__Given information__.

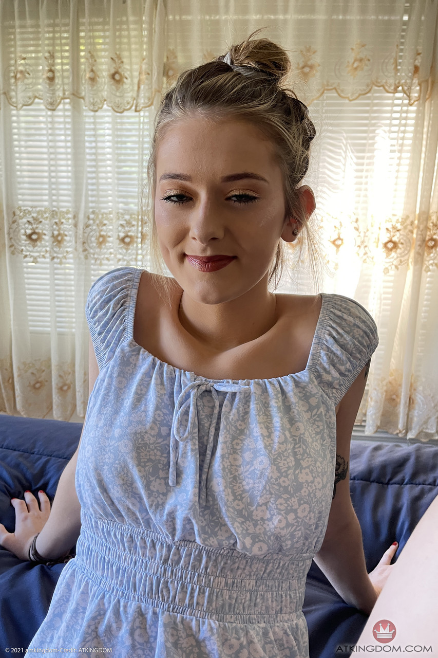 Gorgeous lovely babe Meloni Moon spreads her inviting shaved snatch on her bed
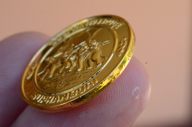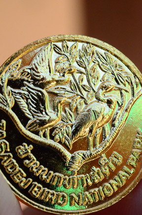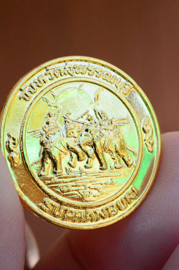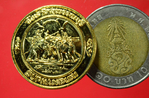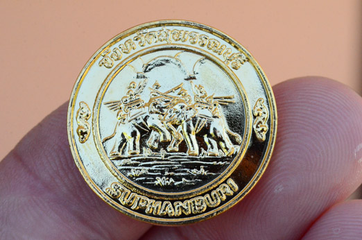 เหรียญชนช้าง สวนนกท่าเสด็จ ที่ระลึกประจำจังหวัดสุพรรณบุรี เนื้อทองแดงกะไหล่ทอง สวยครับ
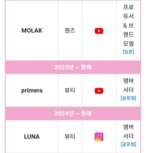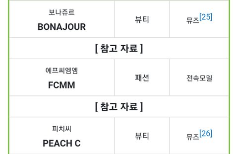 이 외에 리즈 지그재그,이서 노스페이스와 화이트라벨이 있고 단체로는 퓨마,옥수수 수염차, 펩시, 파파존스

__Instructions to follow__.
Write the lines above out again exactly, without any of their pictures.

__Response for this exercise__.
 Gorgeous lovely babe Meloni Moon spreads her inviting shaved snatch on her bed
 เหรียญชนช้าง สวนนกท่าเสด็จ ที่ระลึกประจำจังหวัดสุพรรณบุรี เนื้อทองแดงกะไหล่ทอง สวยครับ
 이 외에 리즈 지그재그,이서 노스페이스와 화이트라벨이 있고 단체로는 퓨마,옥수수 수염차, 펩시, 파파존스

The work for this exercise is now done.